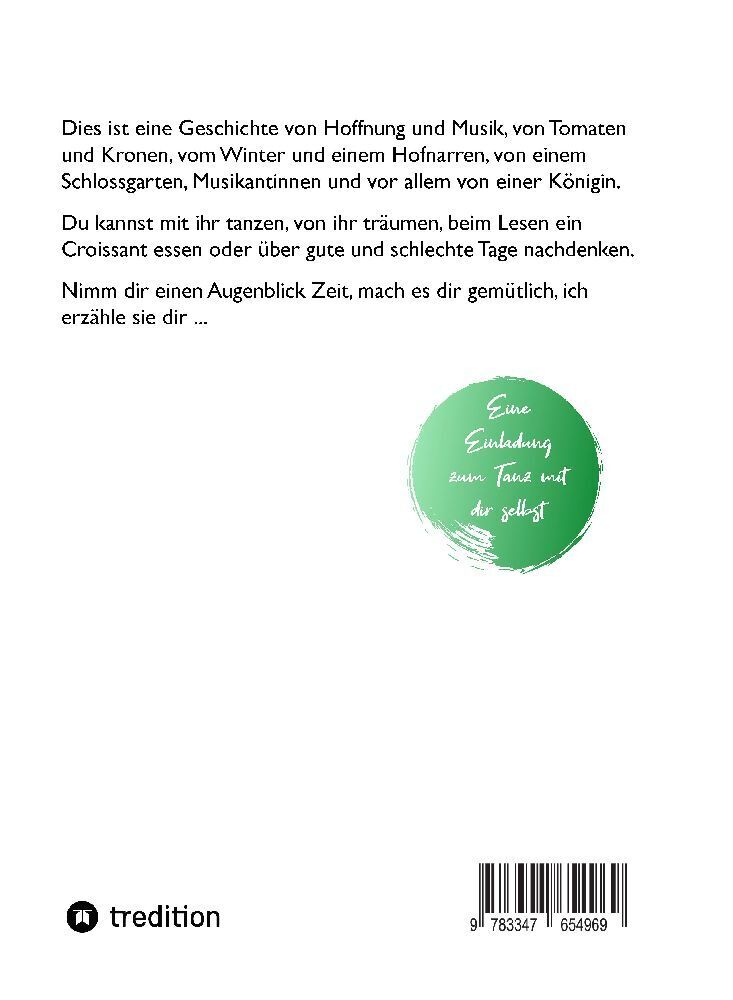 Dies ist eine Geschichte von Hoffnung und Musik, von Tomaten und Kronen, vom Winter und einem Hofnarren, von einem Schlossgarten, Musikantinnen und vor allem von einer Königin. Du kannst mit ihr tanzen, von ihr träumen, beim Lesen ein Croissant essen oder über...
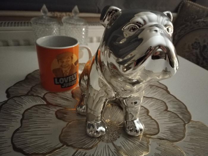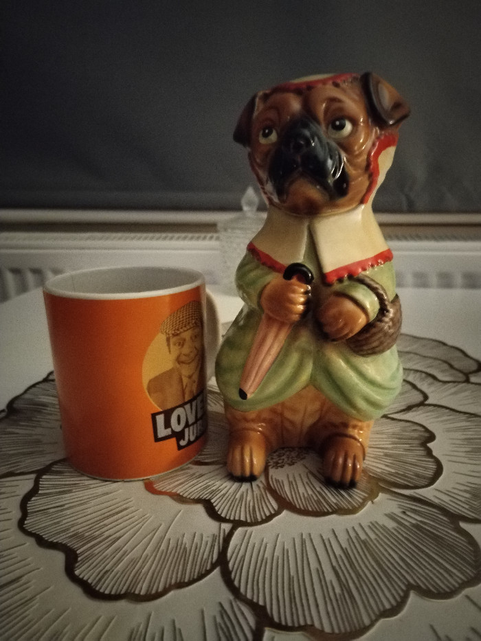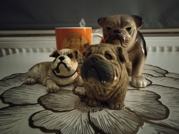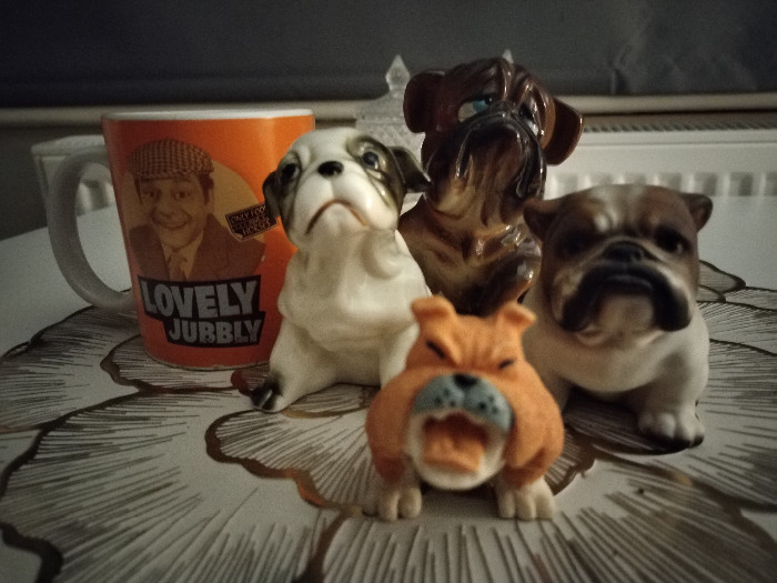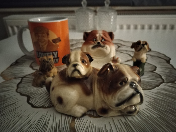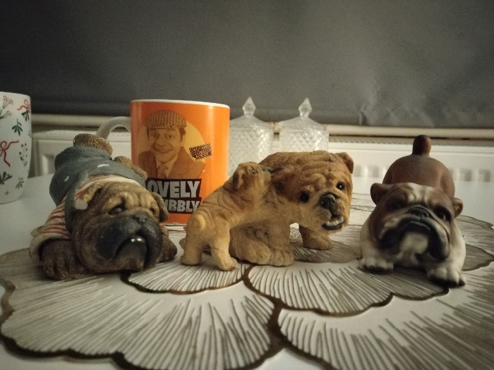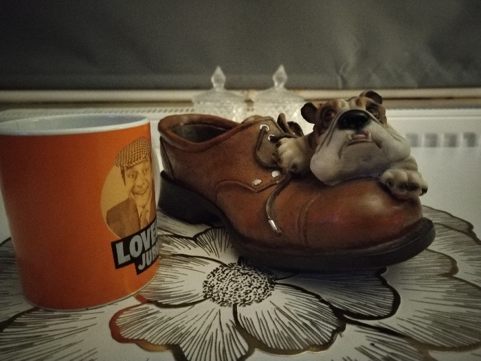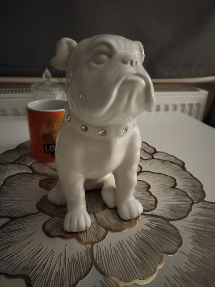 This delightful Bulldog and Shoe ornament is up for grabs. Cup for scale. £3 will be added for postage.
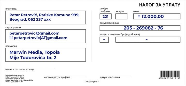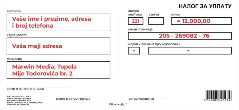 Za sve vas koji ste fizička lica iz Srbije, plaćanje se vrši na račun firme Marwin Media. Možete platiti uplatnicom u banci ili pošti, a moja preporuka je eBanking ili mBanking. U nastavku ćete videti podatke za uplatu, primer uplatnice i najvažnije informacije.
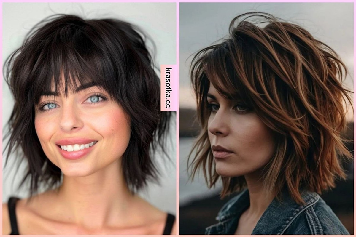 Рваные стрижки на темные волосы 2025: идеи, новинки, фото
...
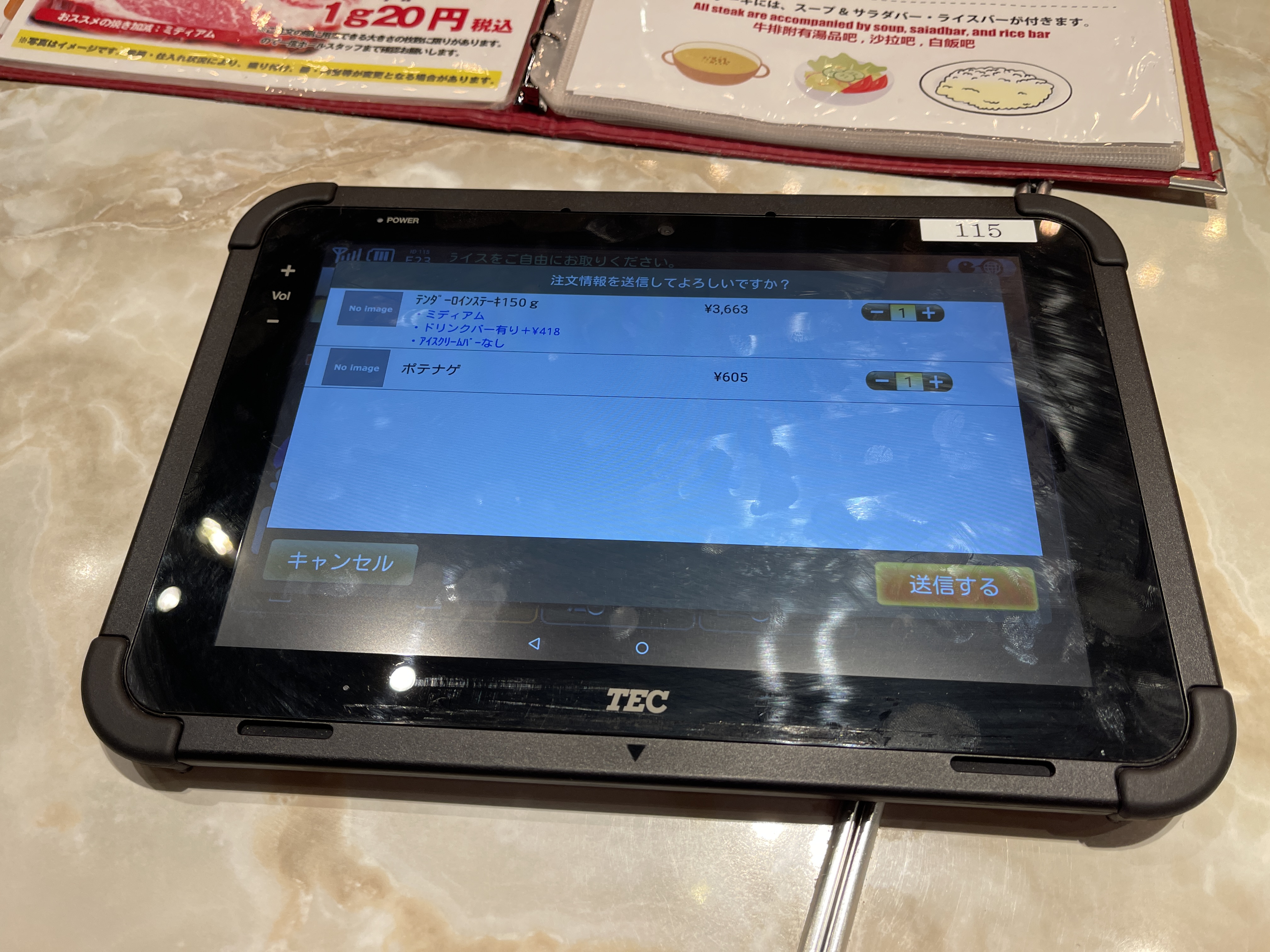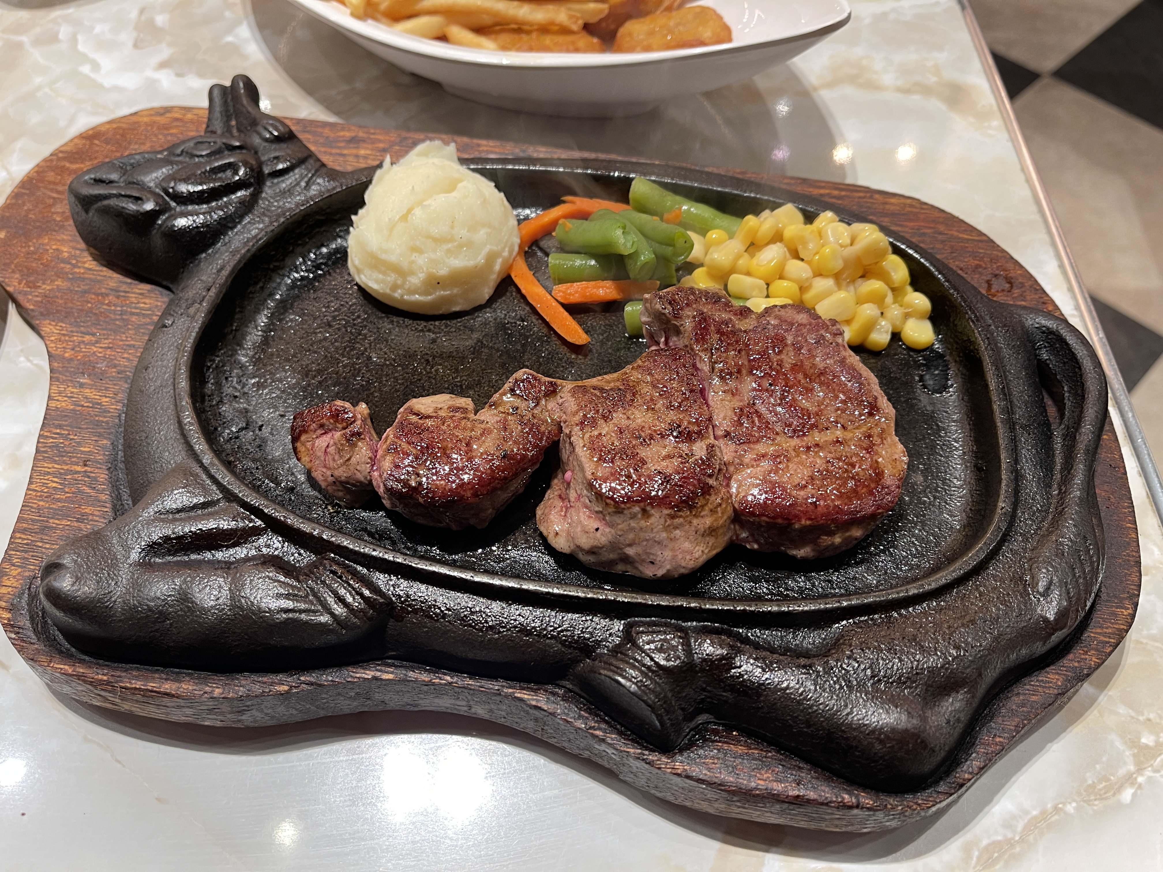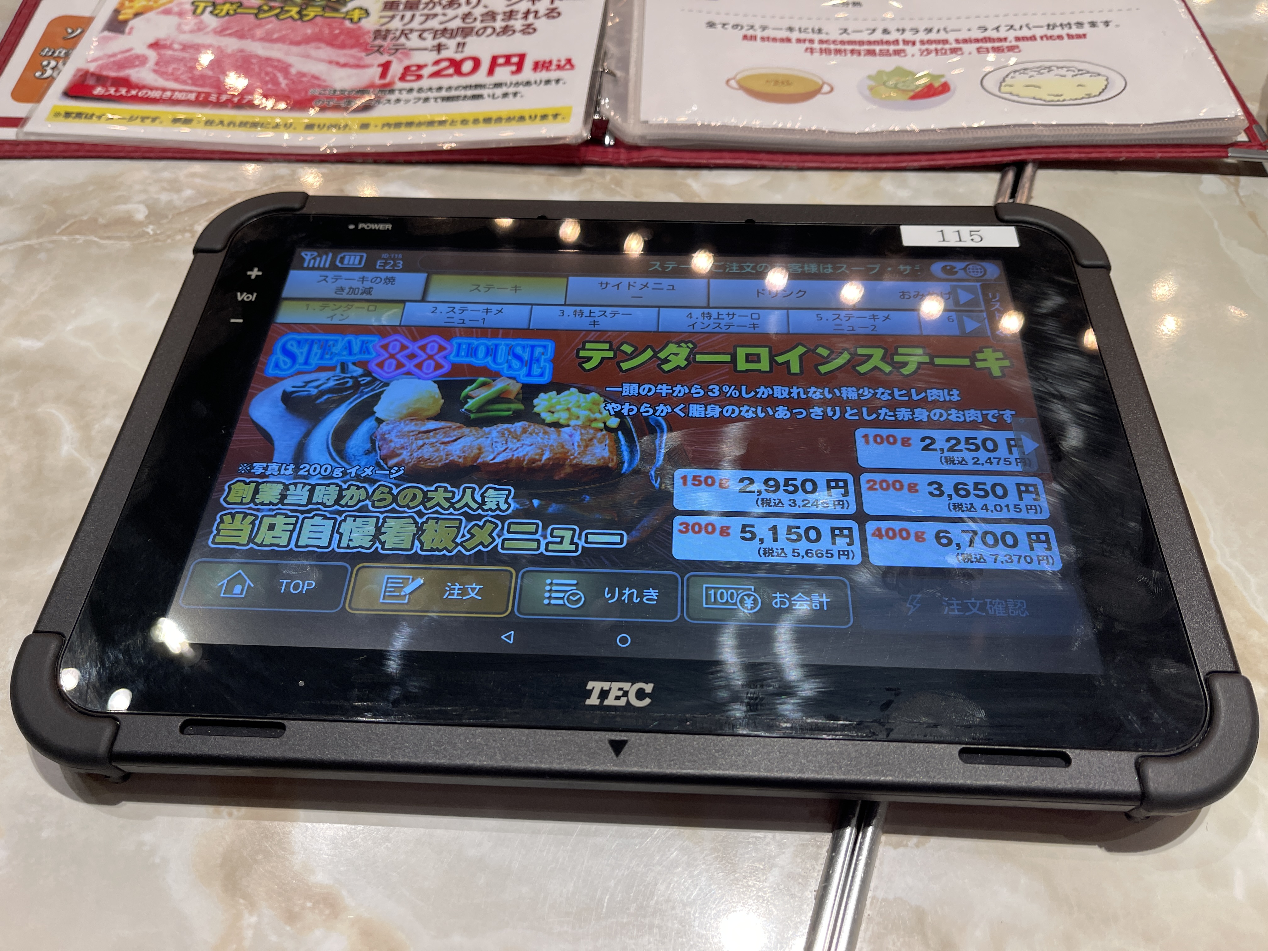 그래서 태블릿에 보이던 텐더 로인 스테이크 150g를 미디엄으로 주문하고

REQUIRED ACTION
Range to print from the listing above: from the line with "Dies ist eine" up to and including the line with "Рваные стрижки на". Please print those lines exactly, with no pictures and nothing more.

EXERCISE RESPONSE
 Dies ist eine Geschichte von Hoffnung und Musik, von Tomaten und Kronen, vom Winter und einem Hofnarren, von einem Schlossgarten, Musikantinnen und vor allem von einer Königin. Du kannst mit ihr tanzen, von ihr träumen, beim Lesen ein Croissant essen oder über...
 This delightful Bulldog and Shoe ornament is up for grabs. Cup for scale. £3 will be added for postage.
 Za sve vas koji ste fizička lica iz Srbije, plaćanje se vrši na račun firme Marwin Media. Možete platiti uplatnicom u banci ili pošti, a moja preporuka je eBanking ili mBanking. U nastavku ćete videti podatke za uplatu, primer uplatnice i najvažnije informacije.
 Рваные стрижки на темные волосы 2025: идеи, новинки, фото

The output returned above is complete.